## [INSTRUCTIONS FOR THE TASK]
Could you retype all of the records exactly, leaving out every picture?

Records excerpted from a collection:
┄┄┄┄┄┄┄┄┄┄┄┄┄┄┄┄┄┄┄┄

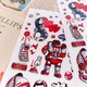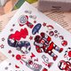 需自行裁切外型,輕柔地移除透明膜,此時轉印貼紙會連同透明膜一起被剝離起來,將其覆蓋在目標物上,用手(或是信用卡)將其推平後,慢慢地撕開透明膜即可。
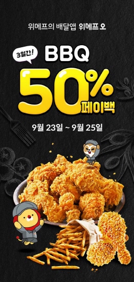 이번 행사는 BBQ 모든 메뉴를 대상으로 결제 금액(배달료 제외)의 50%를 위메프오 포인트로 돌려준다. 이벤트는 신용카드 및 유료포인트 ‘바로 결제’ 주문으로만 참여할 수 있다.
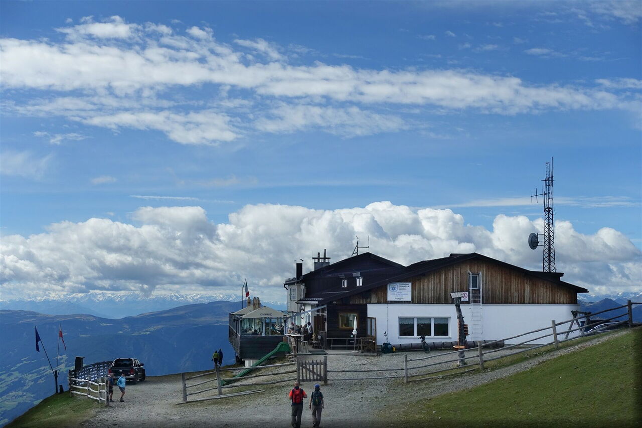 Der klassische Dolomitenhöhenweg Nr. 2 beginnt bei der 01 Talstation der Plose-Kabinenbahn (1.067 m). Entweder man steigt über die Wanderwege 5 und 17 bis zur Bergstation auf oder man wählt die einfachere Variante und fährt mit der Kabinenbahn.
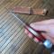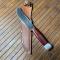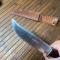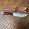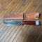 Belle état, manche bois , pommeau aluminium, lame à simple tranchant scie au dos , Avec son étuis en cuir.
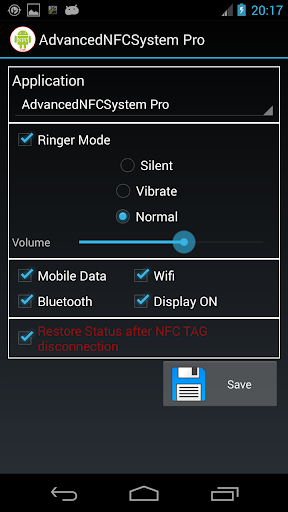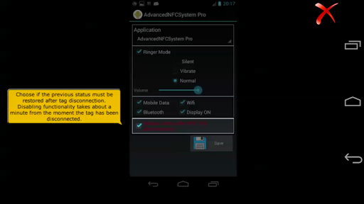 Advanced NFC System is the only application I found that keeps configured settings only when the NFC tag is connected to the phone, to restore the previous status is sufficient to disconnect the NFC tag .
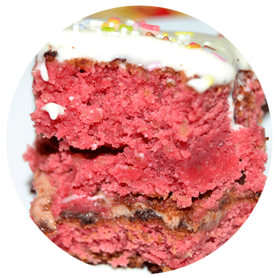 · Una vez esté el bizcocho frío lo desmoldamos y lo cortamos por la mitad. Lo rellenamos con el frosting, volvemos a juntar sin apretar y extendemos todo lo que nos queda del frosting por toda la tarta. Le añadimos algo por encima -yo le puse virutas de colores y corazones- para decorar y a servir.
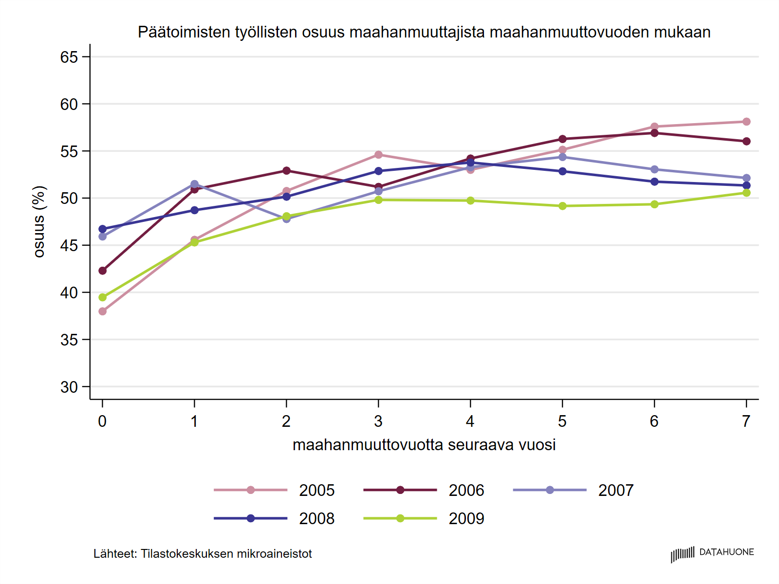 Kuvion 4 perusteella vuosina 2005–2009 muuttaneilla kohorteilla päätoimisen työllisyyden lähtötaso oli pääosin edellisiä kohortteja korkeampi, mutta päätoiminen työllisyys kehittyi sittemmin paljon heikommin; seitsemäntenä vuonna maahanmuuton jälkeen päätoiminen työllisyys oli 50–55 %, vaikka parilla kohortilla jo lähtötaso oli yli 45 %.
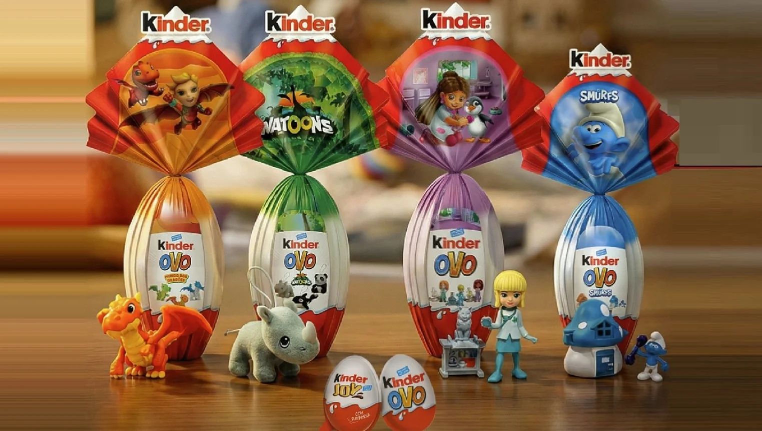Além das licenças conhecidas, a marca também desenvolveu coleções próprias com temáticas de fantasia e aprendizado, como “Mundo dos Dragões”, “Mundo da Veterinária” e “Natoons”, inspirada em animais. Os brinquedos aparecem tanto no tradicional Kinder Ovo quanto em ovos de Páscoa maiores, com diferentes combinações de surpresas colecionáveis.
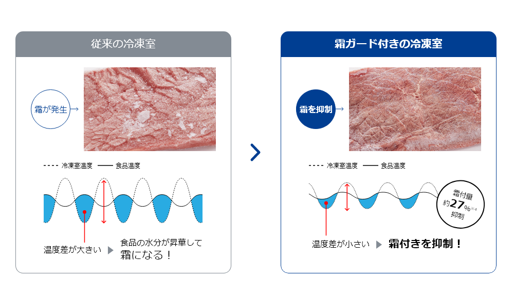 | ※4 | 外気温25℃、牛肉を冷凍室で4週間保存したときの霜付量を比較。牛肉100gあたりの霜付量「霜ガード」OFF(1.5g)、「霜ガード」ON(1.1g)。当社独自の測定結果で、食品の種類や使用状況により効果は異なります。 |
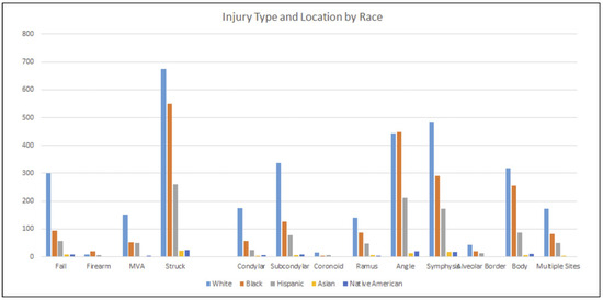 To further elucidate whether race and insurance status were associated with fracture location and mechanism of injury, the frequencies of injuries and anatomic fracture location within racial subsets were calculated. Interestingly, black and Hispanic patients have a higher likelihood of being physically assaulted (55% and 51%, respectively) compared to white patients (42%), and a higher likelihood of angular fractures (45% and 41%, respectively) compared to white patients (27%) (

┄┄┄┄┄┄┄┄┄┄┄┄┄┄┄┄┄┄┄┄

## [TASK OUTPUT]
 需自行裁切外型,輕柔地移除透明膜,此時轉印貼紙會連同透明膜一起被剝離起來,將其覆蓋在目標物上,用手(或是信用卡)將其推平後,慢慢地撕開透明膜即可。
 이번 행사는 BBQ 모든 메뉴를 대상으로 결제 금액(배달료 제외)의 50%를 위메프오 포인트로 돌려준다. 이벤트는 신용카드 및 유료포인트 ‘바로 결제’ 주문으로만 참여할 수 있다.
 Der klassische Dolomitenhöhenweg Nr. 2 beginnt bei der 01 Talstation der Plose-Kabinenbahn (1.067 m). Entweder man steigt über die Wanderwege 5 und 17 bis zur Bergstation auf oder man wählt die einfachere Variante und fährt mit der Kabinenbahn.
 Belle état, manche bois , pommeau aluminium, lame à simple tranchant scie au dos , Avec son étuis en cuir.
 Advanced NFC System is the only application I found that keeps configured settings only when the NFC tag is connected to the phone, to restore the previous status is sufficient to disconnect the NFC tag .
 · Una vez esté el bizcocho frío lo desmoldamos y lo cortamos por la mitad. Lo rellenamos con el frosting, volvemos a juntar sin apretar y extendemos todo lo que nos queda del frosting por toda la tarta. Le añadimos algo por encima -yo le puse virutas de colores y corazones- para decorar y a servir.
 Kuvion 4 perusteella vuosina 2005–2009 muuttaneilla kohorteilla päätoimisen työllisyyden lähtötaso oli pääosin edellisiä kohortteja korkeampi, mutta päätoiminen työllisyys kehittyi sittemmin paljon heikommin; seitsemäntenä vuonna maahanmuuton jälkeen päätoiminen työllisyys oli 50–55 %, vaikka parilla kohortilla jo lähtötaso oli yli 45 %.
Além das licenças conhecidas, a marca também desenvolveu coleções próprias com temáticas de fantasia e aprendizado, como “Mundo dos Dragões”, “Mundo da Veterinária” e “Natoons”, inspirada em animais. Os brinquedos aparecem tanto no tradicional Kinder Ovo quanto em ovos de Páscoa maiores, com diferentes combinações de surpresas colecionáveis.
 | ※4 | 外気温25℃、牛肉を冷凍室で4週間保存したときの霜付量を比較。牛肉100gあたりの霜付量「霜ガード」OFF(1.5g)、「霜ガード」ON(1.1g)。当社独自の測定結果で、食品の種類や使用状況により効果は異なります。 |
 To further elucidate whether race and insurance status were associated with fracture location and mechanism of injury, the frequencies of injuries and anatomic fracture location within racial subsets were calculated. Interestingly, black and Hispanic patients have a higher likelihood of being physically assaulted (55% and 51%, respectively) compared to white patients (42%), and a higher likelihood of angular fractures (45% and 41%, respectively) compared to white patients (27%) (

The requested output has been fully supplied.